Friday 27 December 2013

Movie Review: Three Little Words (1950)

A biography of the Bert Kalmar - Harry Ruby songwriting team, Three Little Words is an infectiously bubbly celebration of musical creativity and friendship.

It's the early 1900s, and Bert Kalmar (Fred Astaire) forms a successful vaudeville dance partnership with Jessie Brown (Vera-Ellen). Kalmar is full of show business ideas and ambition, and wants to also prove himself as a magician. Harry Ruby (Red Skelton) is a piano plugger, wannabe baseball player, and struggling to get his music writing noticed. The two have a disastrous first encounter, with Harry inadvertently wrecking Bert's magic show.

A backstage accident injures Bert's knee, forcing him to temporarily retire from dancing. Another fortuitous meeting with Harry results in their writing a hit song, Bert providing the lyrics to Harry's music. A series of hit songs follow, and the partnership grows to include stage shows and movie soundtracks. The men also develop a deep friendship, Harry helping Bert and Jessie to reconnect and get married, while Bert and Jessie together save Harry from a series of disastrous relationships before he finally settles down with screen star Eileen Percy (Arlene Dahl). But every friendship has its rough spots, and Bert and Harry have disagreements that seriously threaten their partnership.

A perfectly constructed film, Three Little Words is one of the more underrated classic musicals. Finding an impeccable balance between dancing, singing, comedy and story, the movie just simply works as a seamless whole. Within the packed 100 minute running length, director Richard Thorpe gives each element of the film its proper due, and the result is an experience with just the right ingredients mixed in just the appropriate amounts.

Astaire and Vera-Ellen are a formidable dance team. She is full of balletic energy and fluid leggy seductiveness as she partners Astaire in the classic Where Did You Get That Girl? and the much more modern and thoroughly delightful Mr. and Mrs. Hoofer At Home. She then goes it alone with Come On, Papa before they team up again the the beautifully dreamy Thinking Of You.

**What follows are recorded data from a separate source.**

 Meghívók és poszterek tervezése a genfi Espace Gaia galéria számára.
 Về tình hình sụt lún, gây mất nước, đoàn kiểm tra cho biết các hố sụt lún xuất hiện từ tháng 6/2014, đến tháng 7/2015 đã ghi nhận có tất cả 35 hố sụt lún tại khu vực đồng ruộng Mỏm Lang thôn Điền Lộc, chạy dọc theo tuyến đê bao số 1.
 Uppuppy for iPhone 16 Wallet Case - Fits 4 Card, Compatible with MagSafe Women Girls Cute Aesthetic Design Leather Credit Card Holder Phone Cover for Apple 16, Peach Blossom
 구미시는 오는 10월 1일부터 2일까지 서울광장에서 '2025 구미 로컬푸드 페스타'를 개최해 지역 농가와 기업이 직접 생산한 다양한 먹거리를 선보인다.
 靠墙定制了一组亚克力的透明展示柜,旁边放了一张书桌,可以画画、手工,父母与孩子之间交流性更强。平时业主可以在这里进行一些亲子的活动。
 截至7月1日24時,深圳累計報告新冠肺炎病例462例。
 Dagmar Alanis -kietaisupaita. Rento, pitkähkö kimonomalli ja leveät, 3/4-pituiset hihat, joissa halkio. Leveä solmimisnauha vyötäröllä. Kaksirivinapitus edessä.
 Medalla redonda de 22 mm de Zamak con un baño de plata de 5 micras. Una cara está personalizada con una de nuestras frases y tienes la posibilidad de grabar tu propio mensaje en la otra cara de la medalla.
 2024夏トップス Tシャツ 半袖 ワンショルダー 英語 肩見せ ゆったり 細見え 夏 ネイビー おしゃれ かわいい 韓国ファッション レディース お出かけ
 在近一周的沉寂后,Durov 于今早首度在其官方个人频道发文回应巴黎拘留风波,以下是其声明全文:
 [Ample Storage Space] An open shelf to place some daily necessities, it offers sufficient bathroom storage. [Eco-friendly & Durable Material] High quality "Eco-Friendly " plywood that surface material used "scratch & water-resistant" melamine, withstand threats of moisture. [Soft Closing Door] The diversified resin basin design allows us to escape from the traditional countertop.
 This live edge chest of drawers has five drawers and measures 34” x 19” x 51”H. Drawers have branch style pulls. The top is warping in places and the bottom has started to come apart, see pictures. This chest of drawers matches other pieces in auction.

The songs are just as good, and Three Little Words explores that always mystical and sometime frustrating process of creating a successful song. Sometimes every word is a struggle, while at other times inspiration just descends in the middle of the night. My Sunny TennesseeSo Long, OO-LongWho's Sorry Now? (sung by Gloria DeHaven), Nevertheless (I'm in Love with You), and I Wanna Be Loved by You (featuring one of Debbie Reynolds' earliest performances as the boop-boop-a-doop girl Helen Kane) are all featured. And the film's running joke is Bert's long-term inability to find lyrics to a simple Harry tune, which finally ends up being Three Little Words.

The George Wells screenplay effortlessly weaves the song and dance numbers into the story, and keeps them short and sharp. The result is that rare movie in which the music only enhances the narrative, without unnecessarily interrupting or delaying it. At its heart Three Little Words never forgets that this is a story about a friendship and a partnership between two real people, and the relationship is portrayed with all the magic moments and troubled patches that emerge when two men work closely together over the decades.

The presence of Skelton adds a natural dose of comedy, Harry portrayed as a well-meaning, positive personality, but susceptible to getting himself into trouble. Astaire gets to dance, sing and act in one his most well-rounded performances, while Keenan Wynn provides his reliable support as Bert's agent Charlie Kope.

Greatness arrives in modest packages. The words may be little, but the success is large.